▸ Problem requirements: Only the lines from the start of the data to the line containing "庭でのお花の観賞中のひと時。", both included, should be output, exactly and without pictures.

(Items from a dataset)
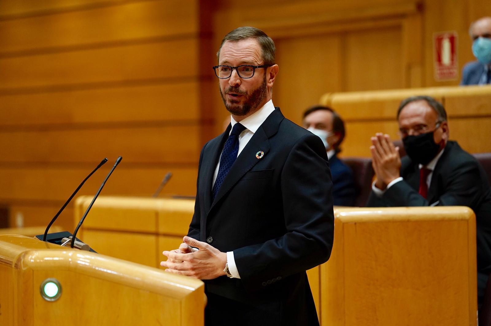 El portavoz del Grupo Popular en el Senado, Javier Maroto, ha exigido al presidente del Gobierno, Pedro Sánchez, que “deje a cero el IVA de las mascarillas, como ha hecho Italia, para que los ciudadanos podamos colocarnos un elemento de protección en la boca y no un bozal recaudatorio”.
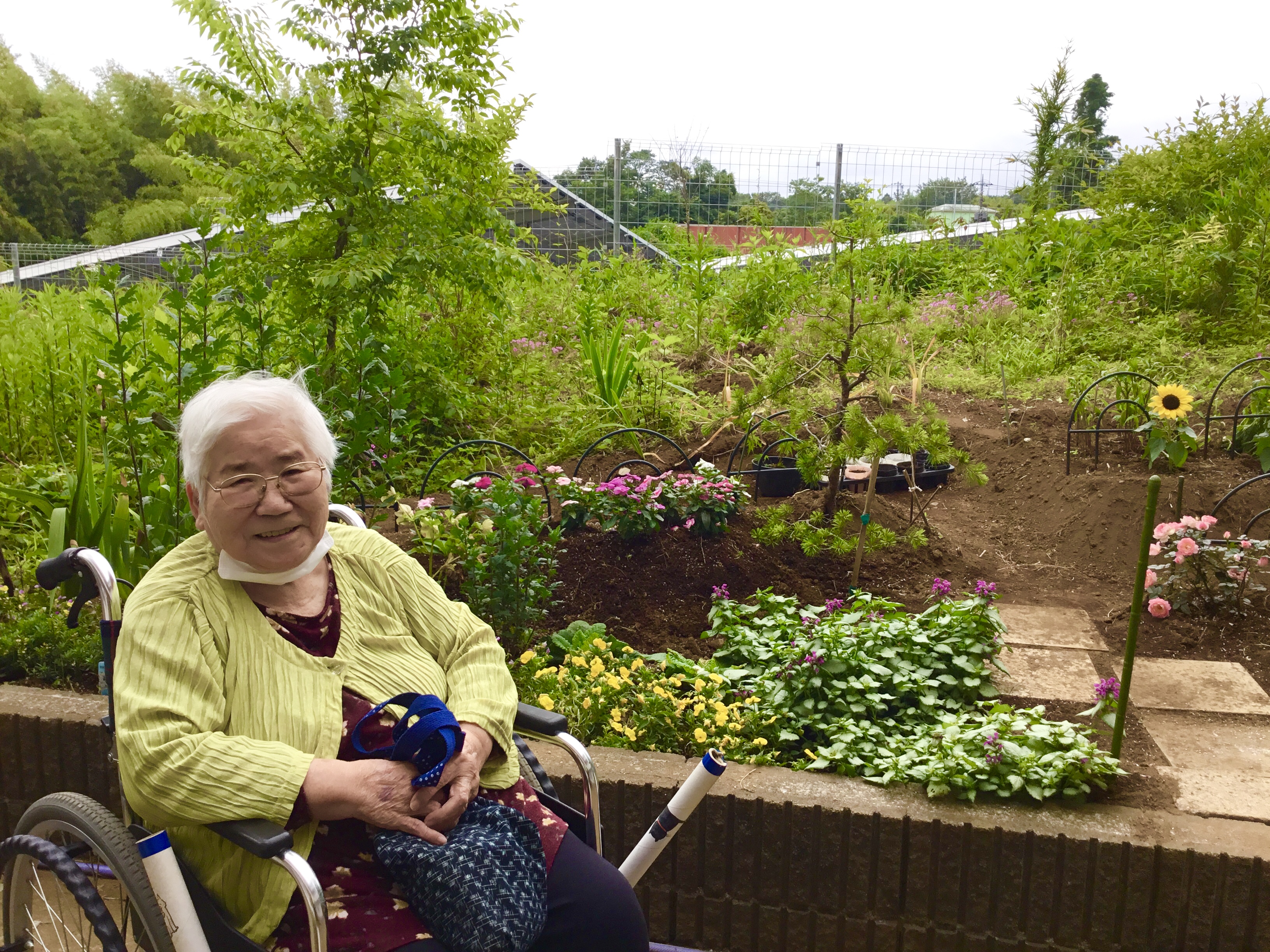 庭でのお花の観賞中のひと時。
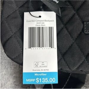 Vera Bradley Essential Compact Backpack in Microfiber Classic Black NWT
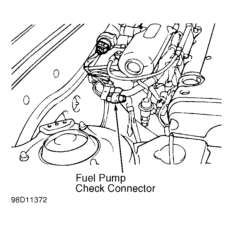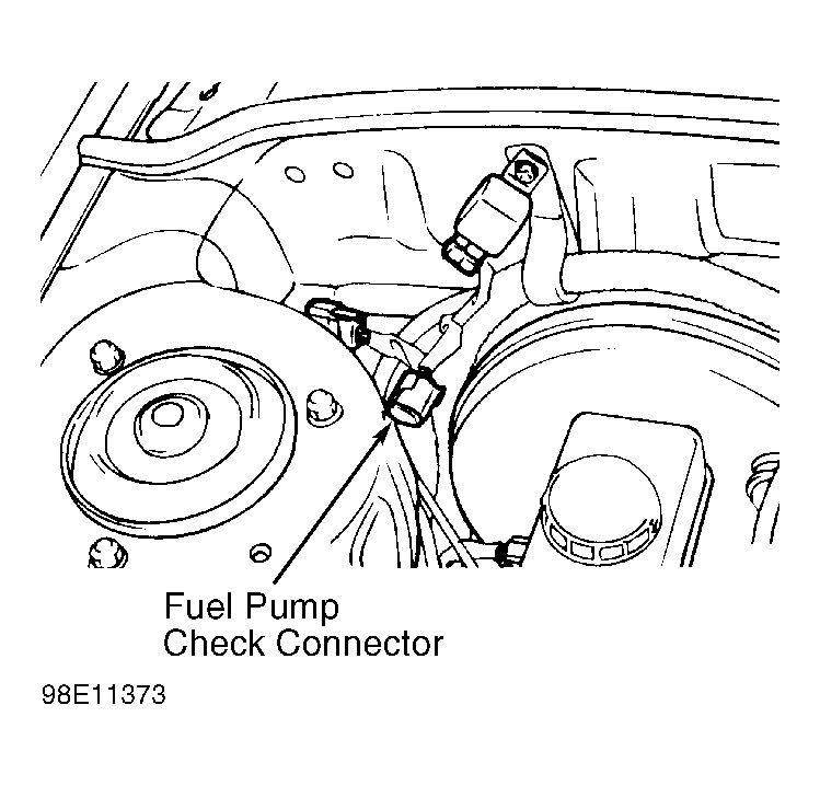 Turn ignition off. Apply battery voltage to fuel pump check terminal connector. See FUEL PUMP CHECK TERMINAL WIRE IDENTIFICATION table. See Fig 1, Fig 2 or Fig 3 . Remove fuel tank cap and listen for fuel pump operation. Pinch fuel hoses by hand and ensure fuel pressure can be felt.
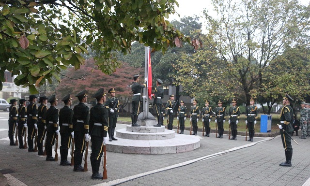 1113日清晨,庄严而隆重的升旗仪式于第一教学楼前坪举行。参加仪式的领导及老师有化工学院党委副书记周春初、化工学院组织干事黄益荣、团委书记刘宇谦。化工学院第十八届团委学生会全体成员及党支部成员也参加了升旗仪式。
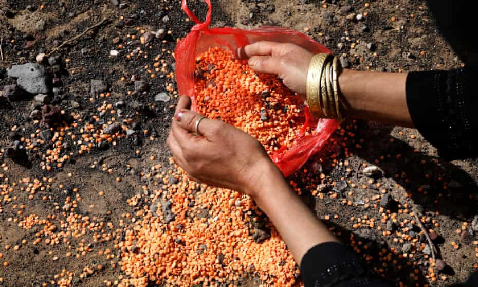 A displaced Yemeni woman with emergency food aid on the outskirts of Sana'a, Yemen. Photograph: Yahya Arhab/EPA

▸ Result:
 El portavoz del Grupo Popular en el Senado, Javier Maroto, ha exigido al presidente del Gobierno, Pedro Sánchez, que “deje a cero el IVA de las mascarillas, como ha hecho Italia, para que los ciudadanos podamos colocarnos un elemento de protección en la boca y no un bozal recaudatorio”.
 庭でのお花の観賞中のひと時。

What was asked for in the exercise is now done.